Pero no sólo los miembros humanos del hogar eran los únicos afectados. También el perro y la gata se vieron perturbados por el espejo. La choza era baja y habían colgado el espejo justo enci­ma del banco. La primera vez que la gata se subió al banco y se vio en el espejo, quedó terriblemente perpleja. Nunca antes había visto una criatura semejante. Los bigotes de Kot se erizaron, co­menzó a maullar ante su imagen y levantó la pata, pero la otra cria­tura maulló también y también levantó la pata. El perro no tardó en saltar al banco y, cuando vio al otro perro, la impresión y la rabia lo descontrolaron. Le ladró al otro perro y le enseñó los dien­tes, pero el otro le respondió con los mismos ladridos y también le enseñó los colmillos. Tan grande fue la conmoción de Burek y Kot que, por primera vez en sus vidas, se atacaron. Burek mordió a Kot el cuello y Kot le bufó y le arañó la nariz. Ambos comenza­ron a sangrar, y la visión de la sangre los enardeció y casi se matan o se lesionan gravemente. Los miembros de la familia difí­cilmente consiguieron separarlos. Como un perro es más fuerte que una gata, tuvieron que amarrar a Burek fuera de la casa y estuvo ladrando todo el día y toda la noche. De la angustia, tanto el perro como la gata dejaron de comer.

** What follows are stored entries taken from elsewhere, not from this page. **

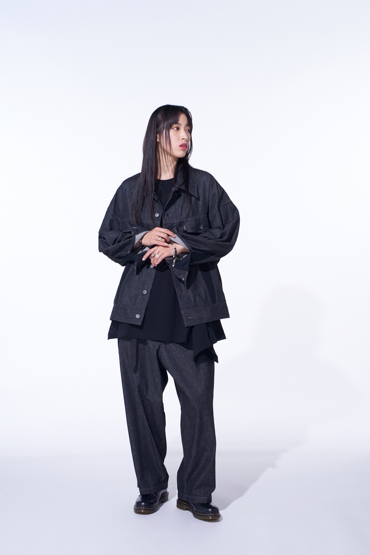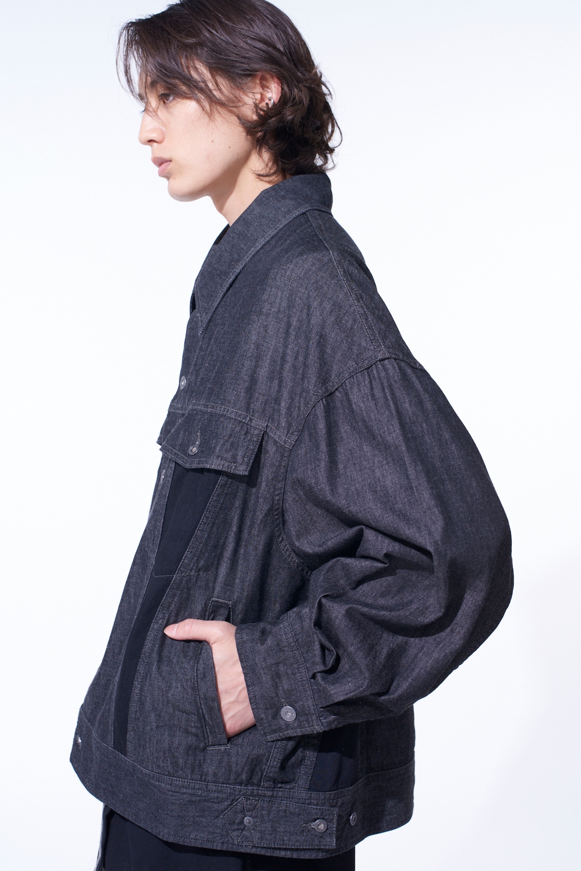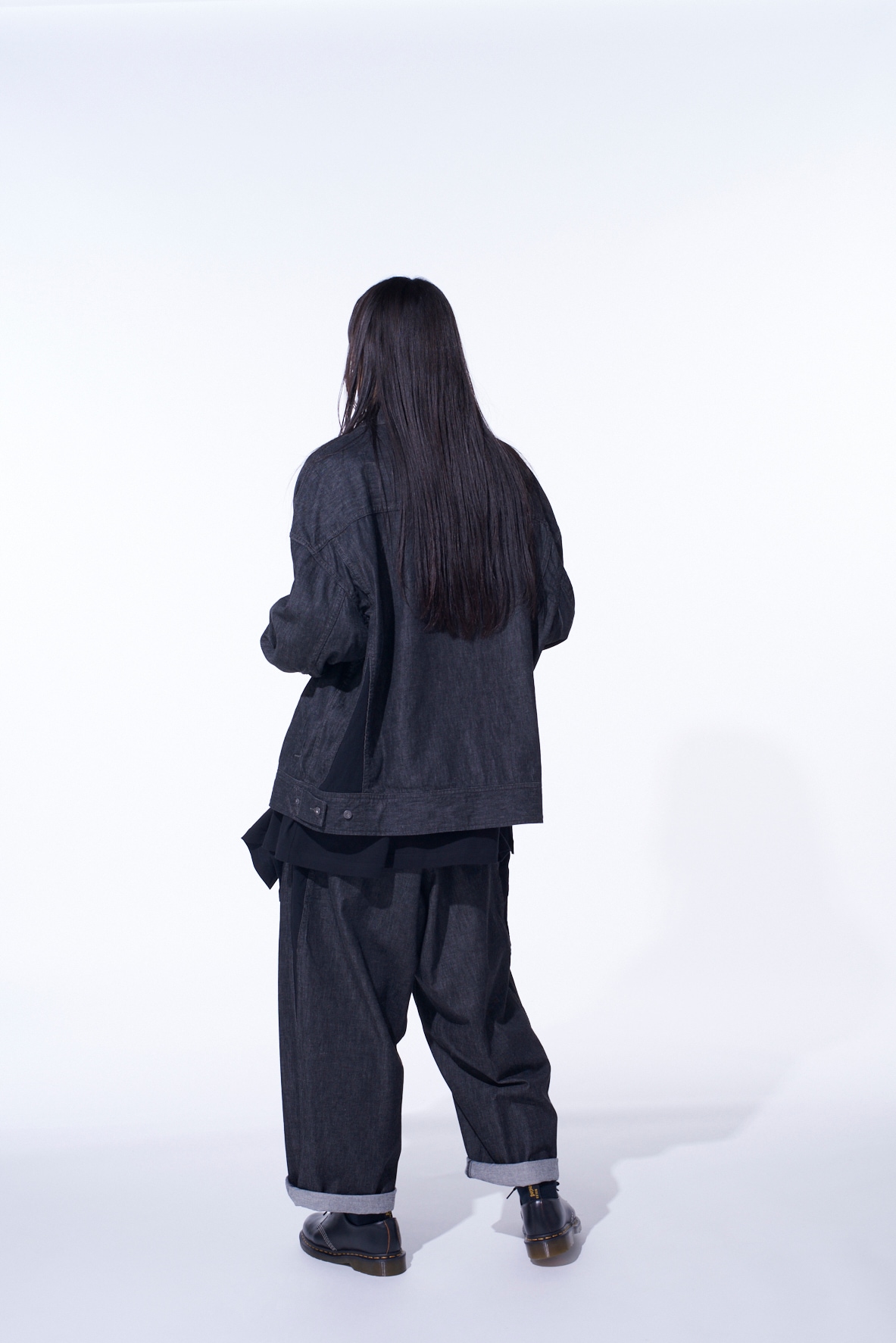 ジャパンデニムの産地、福山産の7オンスデニムを使用したオーバーサイズのトラッカージャケット。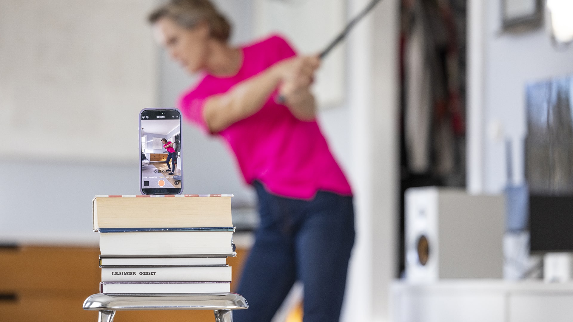 Med hjälp av en stor spegel och en mobiltelefon att filma dig med kan du få feedback på uppställning och svingrörelse och även stämma av de tekniska förändringar du arbetar med.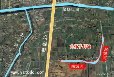 2014年12月4日,江蘇省紅樓夢學會會員陸守超,根據衛星地圖結合史料記載,在儀征經濟開發區(新城鎮東南)越江村或東升村境內,發現疑似古揚子縣城的東城河和南城河遺存。古揚子縣城就位于當中焦莊組、曹莊組和邵莊組一帶。在古揚子縣城遺址的東北角還發現了都天廟遺址。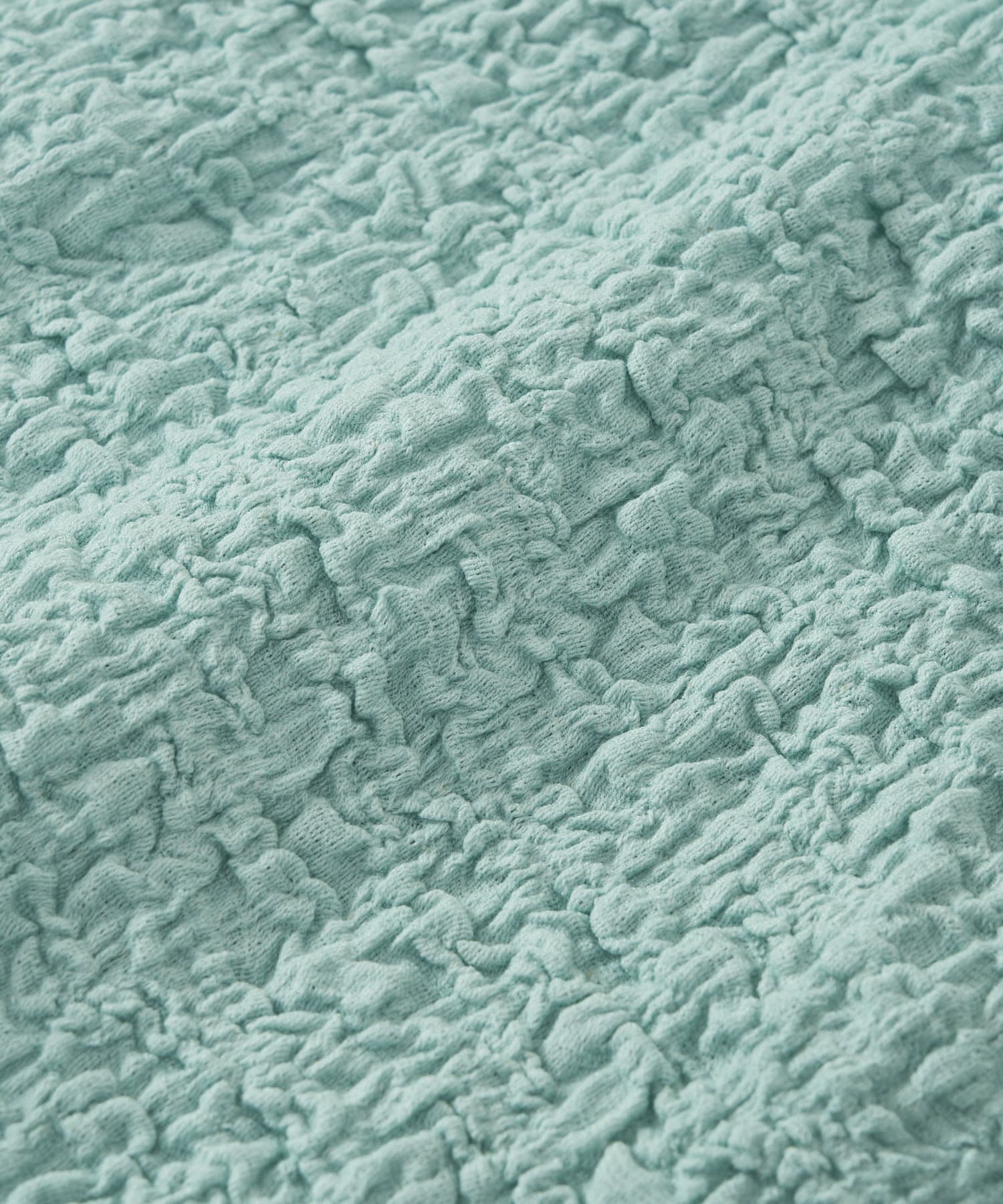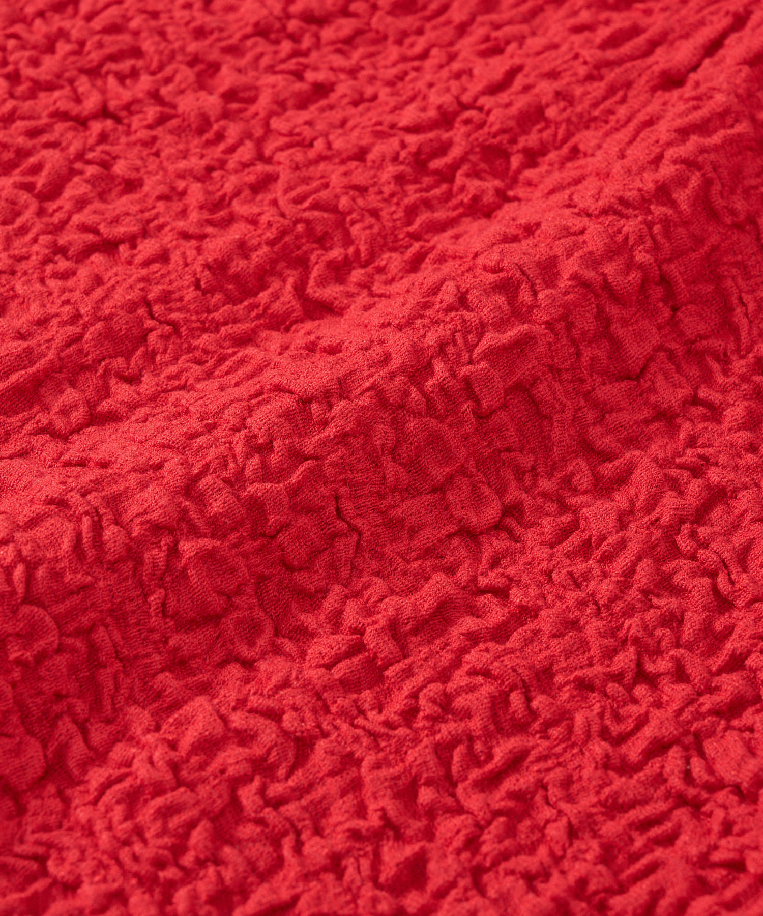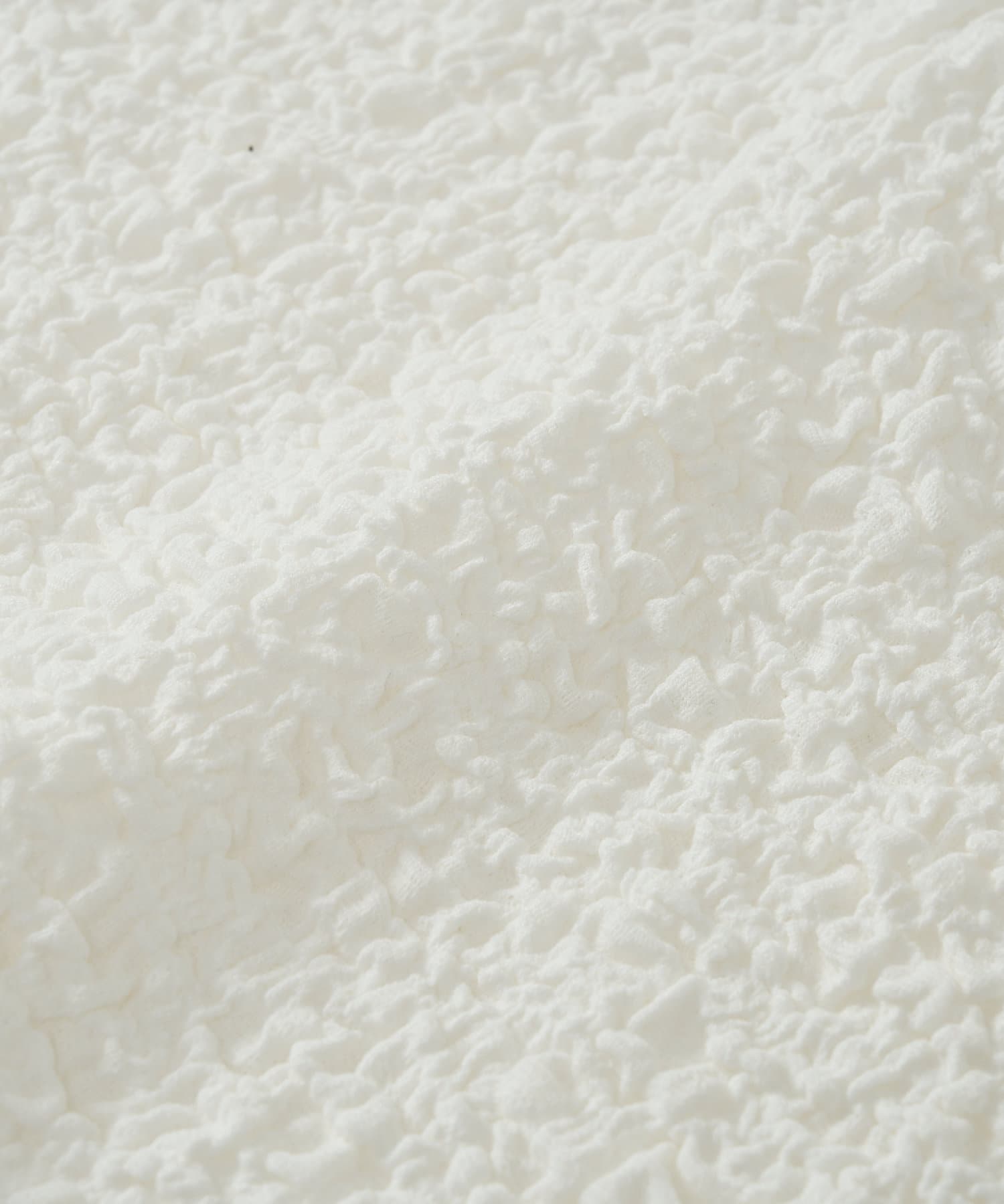 凹凸感と生地の程よい厚さで身体のラインを拾いにくいのが嬉しいポイント。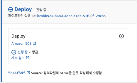 - 다시 Codepipeline을 실행했다. 그리고 배포에 성공했다.

Cuando Jan Skiba observó la alteración que el espejo había pro­ducido en la familia, decidió que un espejo no era lo que su familia necesitaba:
-¿Por qué mirarse a uno mismo -dijo-, cuando se puede contemplar y admirar el cielo, el sol, la luna, las estrellas y la tierra con todos sus bosques, praderas, ríos y plantas?
Así que descolgó el espejo y lo guardó en el cobertizo de la leña. Cuando llegó el vendedor en busca de su paga mensual, Jan Skiba le devolvió el espejo y, en cambio, compró pañuelos y zapa­tillas para las mujeres. Una vez desaparecido el espejo, Burek y Kot volvieron a la normalidad. De nuevo, Burek pensó que era una gata y Kot que era un perro. Pese a todos los defectos que las chicas se habían descubierto, se casaron muy bien. El cura del pueblo se enteró de lo ocurrido en casa de Jan Skiba y dijo:
-Un espejo de cristal muestra únicamente la piel del cuerpo. La verdadera imagen de una persona está en su voluntad de salir adelante, junto con su familia y, en la medida de lo posible, con todos cuantos están en contacto con ella. Es ese espejo el que re­vela el alma de la persona.